My story: It was the last thing I wanted to talk about.

I was a college drop-out with a small startup where I rented out my pets to neighbors. Before then, I was on the path prescribed to just about all of us: go to school, get a good job, earn money. It never really felt right for me.

At this fluid stage of my life, I didn't really feel like I had a story to tell.

Then, while going door-to-door selling real estate, I saw the light. I realized that my story is one of my most powerful forces. I spent three years knocking on doors. I had to have something to say that would avoid the cold rejection of a slammed door in my face.

Doing this, I had sold $15 million of real estate by the time I was 21. It taught me two things: I know a lot more about real estate than many so-called experts and that I've got an incredible story I can leverage.

I launched West Realty Advisors when I was 23. Now, that business generates roughly $30 million in revenue each year and operate in more than half of the country.

None of this happens if I'm still too hesitant to tell my story.

Even if you don't think you have anything special to say, develop an elevator pitch for yourself. What problem are you uniquely positioned to solve? Why should clients, investors or customers choose you over the next person they see?

There's great value in storytelling for entrepreneurs. Having a great personal story is the difference between a viral Huffington Post article about how your business is primed to disrupt the industry and having to beg friends with a Kickstarter.

Here are three reasons why it's important for entrepreneurs to develop a story -- and repeat it often!

Differentiate Yourself from Competitors

Especially now, as the Internet has presented people with so many options for services, people want to know your story.

The fundamental aspect of selling anything is to foster a connection. When investors choose to pump money into a product, the backstory is key. Where you've been can say a lot about where you're headed. Even if you think you have the most bland, boring backstory in history, look deeper.

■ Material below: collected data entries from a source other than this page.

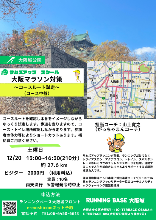 12月20日(土)大阪マラソン試走ラン~コース中盤~ 受付中
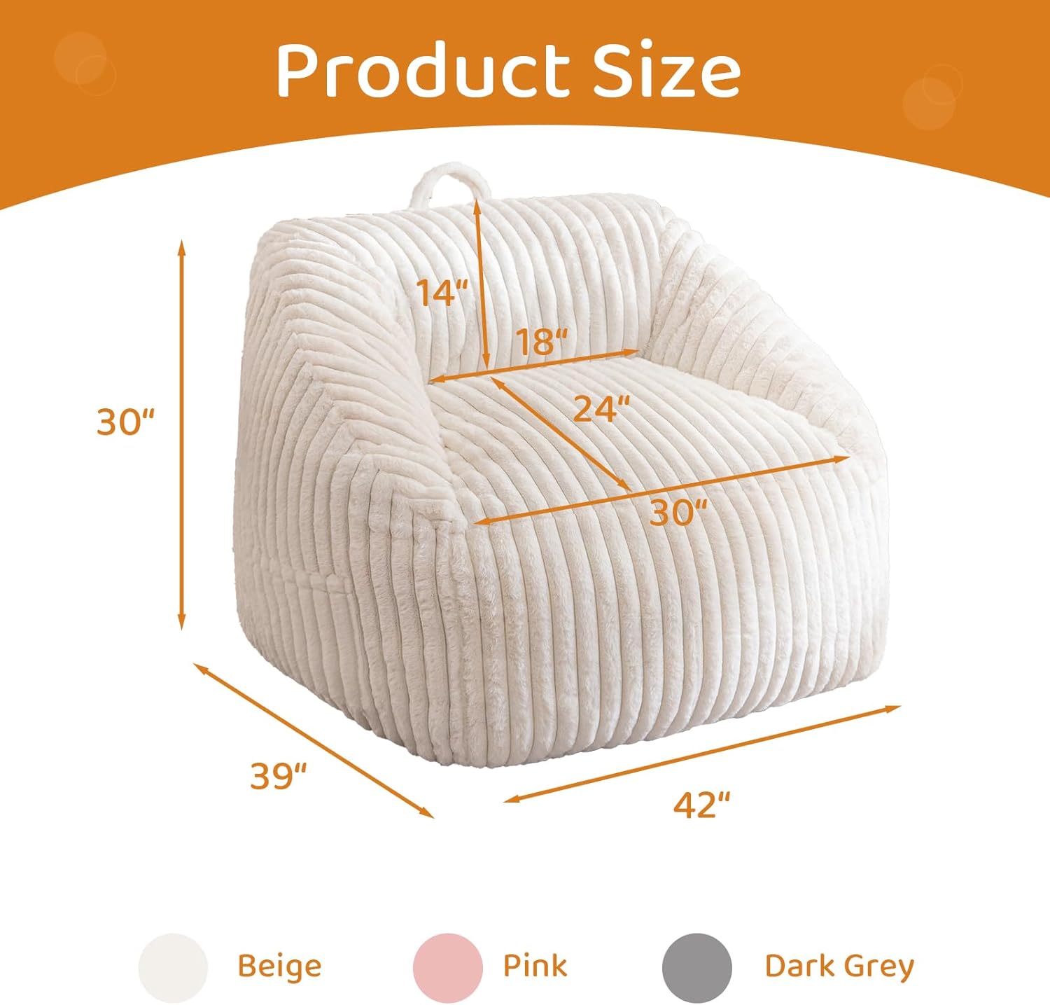 • No Assembly Required: This soft fur chair comes pre-filled with padding, no need to fill it yourself. Ships vacuum compressed and will expand when opened. Simply cut open the package, tap and shake to encourage spring back, and wait approximately 48 hours for it to return to its original shape. Then it's time for you and your family to enjoy happy hour!
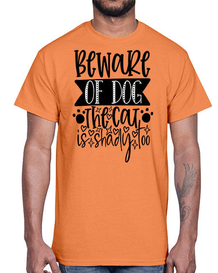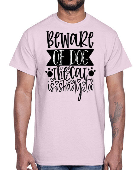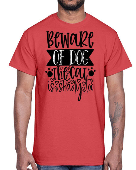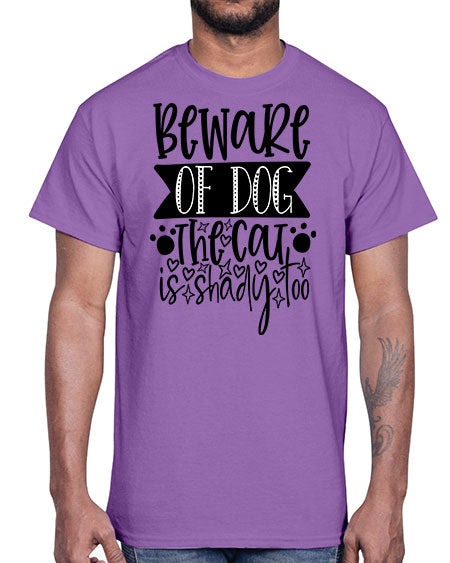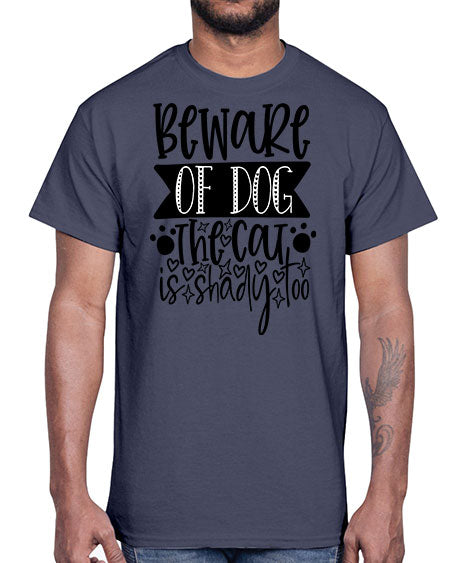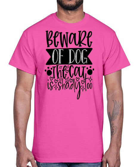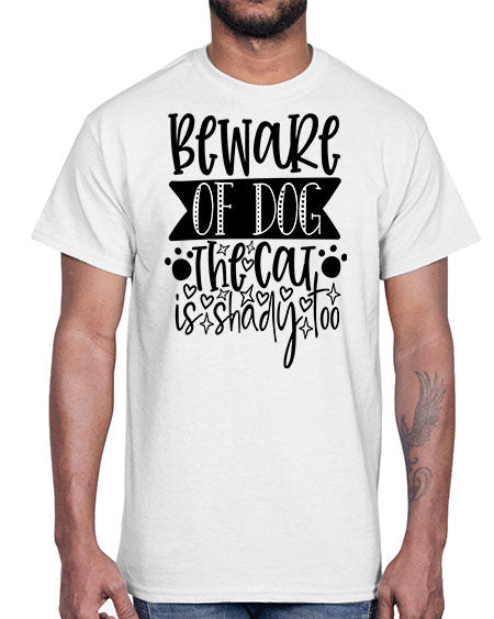 beware of dog the cat is shady too 60#- dogs- Cotton Tee
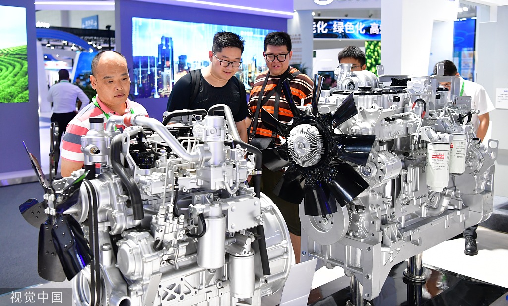 Engines are exhibited at the 2023 World Manufacturing Convention in Hefei, Anhui province, Sept 20, 2023. [Photo/VCG]
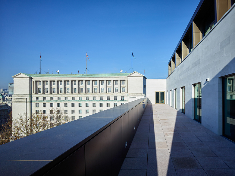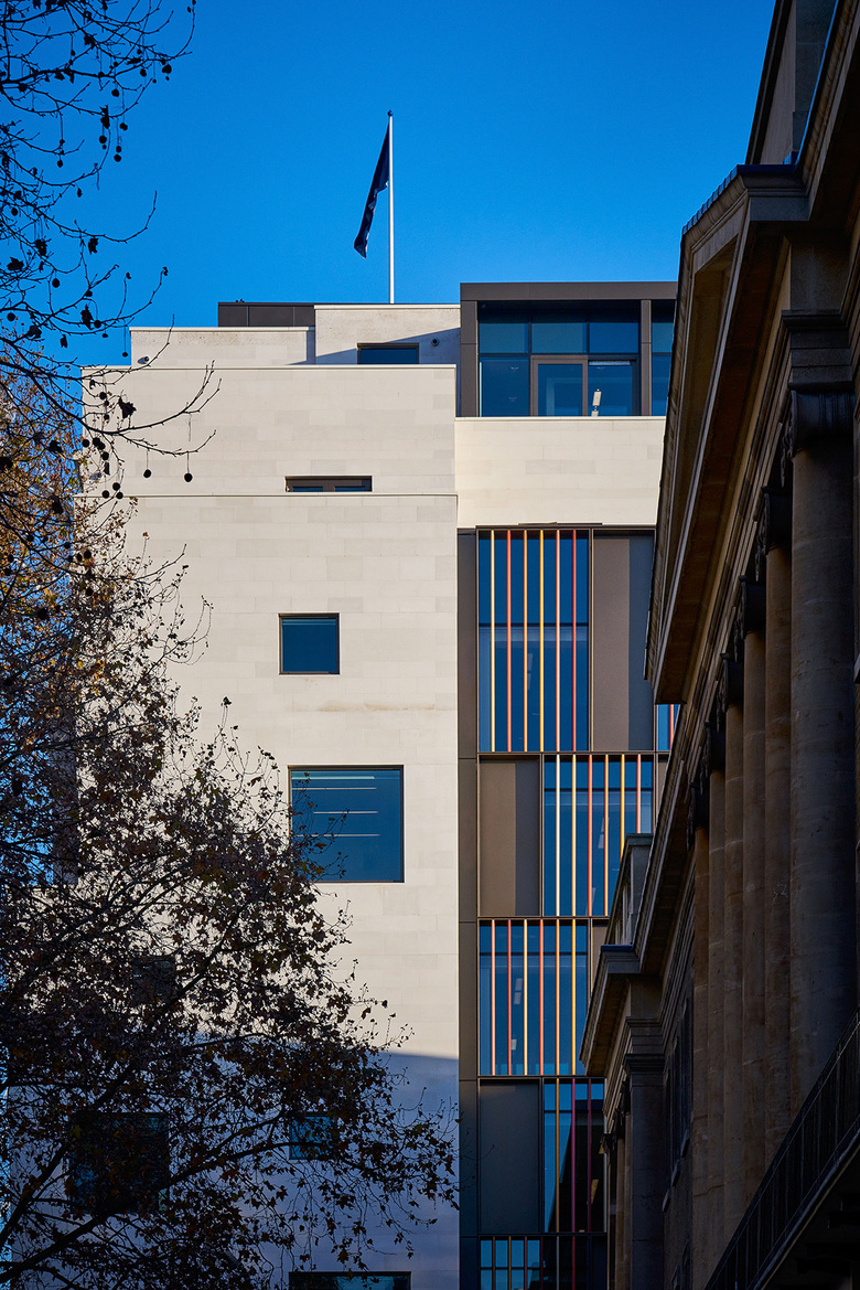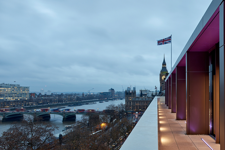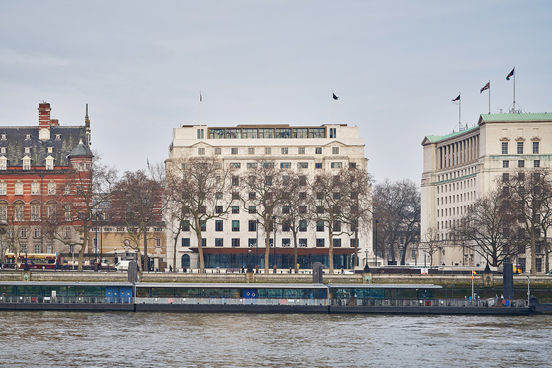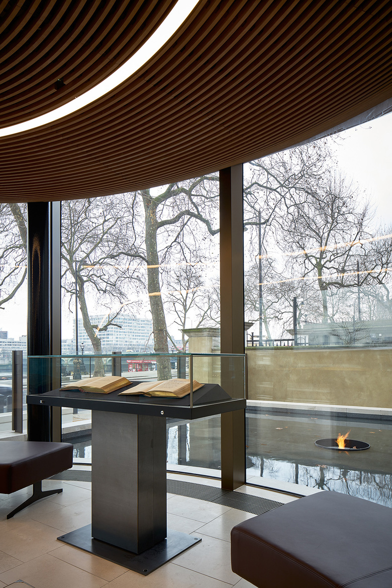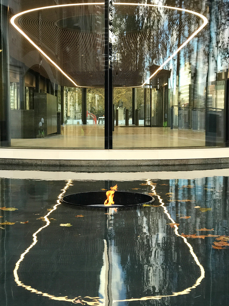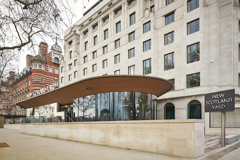 AHMM’s design for New Scotland Yard is a radical remodelling and extension of the Curtis Green Building, a 1930s building on the Thames Embankment, which was an earlier home of the MPS. The core objectives of the brief were to create modern, flexible and efficient office environments, extend available floor space and facilitate agile working with more interaction between staff. The design has transformed the building with the addition of an elegant curved glass entrance pavilion and rooftop pavilions and a reworking of the existing accommodation. The scheme has expanded the building’s floor area from 8,691sqm to around 12,000sqm through extensions to the rear, roof and front concourse. The contemporary design of these complements and enhances the architectural features of the original building and the materials, colours and proportions of neighbouring Whitehall buildings. Inside the building, AHMM has created a flexible office environment to facilitate collaboration and interaction. The rooftop extension provides multi-use conference space and terraces, and is illuminated to give presence at night, symbolising the 24/7 nature of the building along with its civic purpose. A brick ‘carpet’ in the landscape outside the entrance references the distinctive striped brickwork of the neighbouring Norman Shaw North building, while the Eternal Flame has been set within a contemplation pool south of the entrance pavilion.
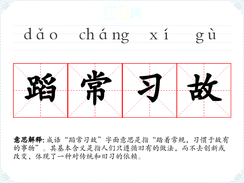 成语“蹈常故”字面意思是指“踏着常规,惯于故有的事物”。其基本含义是指人们只遵循旧有的做法,而不去创新或改变,体现了一种对传统和旧*的依赖。
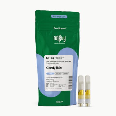 MF-ing Two-Fer: We're now offering two 1/2g carts in one bag. Why? Pouring less oil into each cart means we can preserve more of the plant's full spectrum cannabinoids, remarkable natural terpenes and fuller flavor. Not only that, the Two-Fer is better value and more of our single- source, in-house produced Candy Rain real live resin: Candy Rain is known for its notes of citrus and berries with putrid undertones, which results in a relaxed body high with long lasting invigorating cerebral effects that spread to the whole body. For our real live resin we start with fresh-frozen flower buds, then use the hydrocarbon extraction method (plus years of experience and scientific precision) to deliver the purest plant extract. No distillates, added flavors, or alterations. Comes in a 510 Cart with recommended battery settings 2.8 - 3.3V. Do not vaporize live resin at higher temperatures, as it can “burn off” the precious terpenes and aromas we are working hard to preserve; higher temps can also cause an undesirable “burnt” aftertaste. Vape cartridge contains concentrated live resin oil that is heated by a battery and vaporized for inhalation. These products are very potent and are designed to be consumed in 2-3 second puffs.
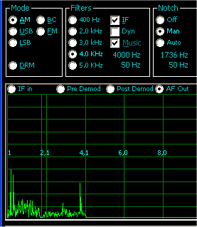 Ein zusätzliches Notch-Filter hilft unerwünschte Träger auszublenden. Das folgende Detailbild zeigt einen Träger knapp zwei kHz unterhalb des AM-Trägers. Mit eingeschaltetem Notchfilter konnte der störende Dauerton vollständig entfernt werden. Die Spektrumanzeige wurde dazu auf den NF-Ausgang geschaltet. Eine rote Linie hilft beim Abgleich des Notchfilters. Erfolg brachte hier ein Ausblenden der Frequenz 1736 kHz mit einer Bandbreite von 50 Hz.

Look to your inspiration and remember the spark that led to you to go down a path of entrepreneurship. You wanted to do something differently. You wanted to disrupt an industry. You wanted to achieve something no one has even thought of.

Start your story there.

It Will Improve Your Sales

I know what you're thinking. How does having a personal story lead to more conversions? Hear me out on this. If you can tell your story passionately, you can tell the story of your product or company passionately.

The first few weeks I went door-to-door, I was terrible. I didn't have a rhythm or anything planned out. I was just trying to survive.

Then I figured out my story. I figured out what people wanted to hear, and what led to them inviting me inside instead of ignoring me. I developed a story I could repeat ad nauseum, literally opening doors. The conversations I had once I was able to tell my story led to me launching West Realty Advisors.

When you have a compelling story, you answer the question, "Why are you worthy of my money?"

You Will Draw Interest

The toughest part of any company is generating sales. Many entrepreneurs waste so much money on advertising to get their name out there.

Having a compelling personal story can actually generate leads, encouraging those inspired by your story to seek you out. The way I see it, one placement or mention of your story on a site like Forbes or the Huffington Post is worth thousands of dollars of brand awareness advertising.

Once people hear your story, you will be top of mind. Other than price point, a powerful story connection is probably the biggest magnet you have. Once you have it so well developed that it's practically an elevator pitch, telling this story will seem natural and effortless.

Soon, you'll have another chapter to add: success.